7.3.5 The Unseen Task: Documenting Everything
If an action wasn’t documented, it didn’t happen. This core tenet of medical charting applies with equal force to CDS development. Rigorous documentation is not bureaucratic busywork; it is the auditable, legal record of your quality assurance process. It protects your patients, your institution, and your own professional integrity.
For every CDS rule you build, a corresponding set of documentation must be created and maintained. This “validation package” should be linked to the rule’s metadata and preserved for the entire lifecycle of the rule.

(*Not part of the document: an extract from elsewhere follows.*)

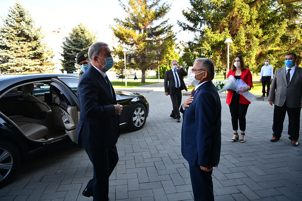 Milli Savunma Bakanı Hulusi Akar, beraberinde Genelkurmay Başkanı Yaşar Güler, Savunma Sanayii Başkanı Prof. Dr. İsmail Demir, Kara Kuvvetleri Komutanı Orgeneral Ümit Dündar, Deniz Kuvvetleri Komutanı Oramiral Adnan Özbal, Hava Kuvvetleri Komutanı Orgeneral Hasan Küçükakyüz ve Bakan Yardımcısı Muhsin Dere ile birlikte Büyükşehir Belediyesi’ni ziyaret ederek Başkan Dr. Memduh Büyükkılıç ile görüştü. Milli Savunma Bakanı Akar ve beraberindekiler Büyükşehir Belediyesi’ne gelişlerinde Başkan Büyükkılıç, Genel Sekreter Hüseyin Beyhan ve diğer üst düzey yöneticiler tarafından karşılandı. Başkanlık makamında Bakan Akar ve beraberindekileri ağırlayan Başkan Büyükkılıç, ziyaretten duyduğu memnuniyeti dile getirerek, Kayseri’de devam eden çalışmalar ve projeleri hakkında bilgiler verdi. Ziyarette, Kayseri Valisi Şehmus Günaydın ile Önceki Dönem Enerji ve Tabii Kaynaklar Bakanı Taner Yıldız da hazır bulundu.

Masterclass Table: The CDS Validation Package
| Document | Content | Purpose |
|---|---|---|
| Clinical Governance Approval | Scanned copy or link to P&T / Committee minutes. | Provides the official clinical authority and sign-off for the rule’s existence and its core logic. This is your “prescription” to build the rule. |
| Finalized Pseudo-Code | The last, approved version of the plain-English logic. | Serves as the master blueprint. If there is ever a dispute about how the rule is supposed to work, this document is the source of truth. |
| Test Plan / Test Cases | The full set of positive, negative, and edge case patient profiles and scenarios you developed. | Demonstrates the rigor of your validation strategy. It shows that you thoughtfully considered and tested the various ways the rule could succeed or fail. |
| Test Results Evidence | Screenshots, log files, and/or signed attestation forms from UAT participants. | This is the proof that the tests were actually performed and what their outcomes were. Screenshots of the alert firing correctly (and not firing for negative cases) are invaluable. |
| Deployment & Communication Record | A record of the date/time the rule was activated in production and a copy of the communication sent to end-users about the new CDS. | Completes the audit trail from concept to go-live. |
Your Professional Safety Net
Imagine a scenario six months after your levofloxacin rule goes live. A patient experiences an adverse event, and an investigation is launched. A question arises: did the CDS rule fire correctly? Because you have a complete validation package, you can respond with absolute confidence. You can produce the P&T approval, the exact logic that was tested, the specific test cases you ran (including the one that matches this patient’s scenario), and the screenshot evidence showing the rule worked as designed during testing. This documentation is your professional safety net. It demonstrates that you followed a rigorous, evidence-based process and performed your due diligence as an informatics professional.